The only meaningful complaint I have about the main campaign is that there is no cooperative mode. Considering that you're almost constantly surrounded by your squadmates, this is a significant oversight. In many instances, you'll find yourself swapping from driving duties to the gunner seat, and back and forth. You'll wish you had a buddy to share these roles with. Now that I consider the matter, it'd be a blast to explode walls together.

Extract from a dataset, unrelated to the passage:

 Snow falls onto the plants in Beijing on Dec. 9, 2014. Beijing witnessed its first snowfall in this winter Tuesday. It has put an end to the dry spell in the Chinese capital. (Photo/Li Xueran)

The multiplayer mode is classic Battlefield. It's a delicious chaos of up to 24 players deployed in one of five classes. The assault class is identical to Marlowe's loadout: the self-healing syringe and an M203 to open doorways. The demo class is the bane of heavy armor; mines and rockets make short work of most vehicles. Recon snipers deliver long range death to infantry or call down laser guided bombs. Spec ops are about close quarters combat and C4 charges on hardened targets. The support class provides med packs and is ideal as vehicle drivers or gunners, as they can hop out and repair damage. The classes also provide intriguing opportunities for teamwork: for example, the special operator can "paint" a target which designates it for the demo expert's guided rockets. Or assault teams can lay fire and blast holes in walls, creating a breach for the nasty specials ops wetworkers to pour through. If you can get an organized clan rolling, this potential for teamwork can be a thing of bloody beauty. Toss in the jeeps, boats, tanks, helicopters, artillery, and what have you -plus the new destruction mechanic-, and Bad Company is one of the best multiplayer experiences to be found on any platform.

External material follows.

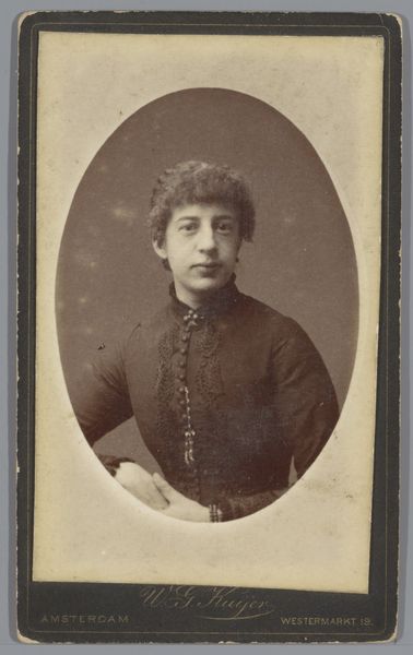 This is a photographic portrait of an unknown woman by Johannes Leonardus van der Heijden. The sepia tone and the subject's formal attire give us the impression of a bygone era. The composition is structured around the oval frame that encases the woman. The subject is centered, drawing our attention to her gaze and the details of her clothing. The choice of sepia tones unifies the image, creating a sense of harmony. The texture of the photograph is smooth, with the subtle grain adding depth. It would be a mistake to consider the structural elements of the image in isolation from the semiotic codes of its time. For instance, the woman's clothing and hairstyle signify her social status. The symmetry and balance of the composition speak to a desire for order and control, reflecting the values of the period. The photograph's form, therefore, becomes a vessel through which cultural meanings are both conveyed and constructed. The portrait's formal qualities interact with the social and cultural codes of the time.

I only have two minor gripes about the multiplayer, and one of them has already been rectified. Bad Company initially released with only one multiplayer mode, "Gold Rush", which involved one team attacking gold crates, and the other defending them. Thankfully, DICE released the classic "Conquest" game type as a free download, which is a seize-the-strategic-points conflict of reducing the enemy's number of "tickets". The other complaint is related to their system of unlocking gear. Certain weapons were only available to people who had preordered the game; these too have since been made available to the general populace, but involve inputting codes from their website. Likewise, some other unlocks involve registering with EA's gamer database. This is certainly not a big deal, but taking the time to submit contact information to their marketing department is the sort hassle gamers can do without. Ideally, everything should be unlockable through gameplay.

If you're having difficulty choosing between the Xbox 360 and PS3 versions of the game, it's a close call. Like usual, I give the nod to the Xbox 360 controller with its better sticks, triggers, and rumble. Since multiplayer is such a big factor, I also recommend the significantly larger Xbox Live community; finding games is much easier.

Most shooters focus on presenting a compelling singleplayer experience, and tack on a perfunctory multiplayer mode as a grudging requirement for today's game market. Less often, they focus on the multiplayer gameplay, and slap together a rudimentary campaign mode. It's rare to find a game that delivers both halves with such excellence. When I saw an early build of Bad Company, I remember thinking, "Those destroyable walls are kinda neat," and promptly forgot all about it. I surely didn't expect to enjoy it as much as I did. It ultimately places shy of all-time greatness, but it deserves the Rank A, and I solidly recommend it to shooter fans on the fence about giving it a try.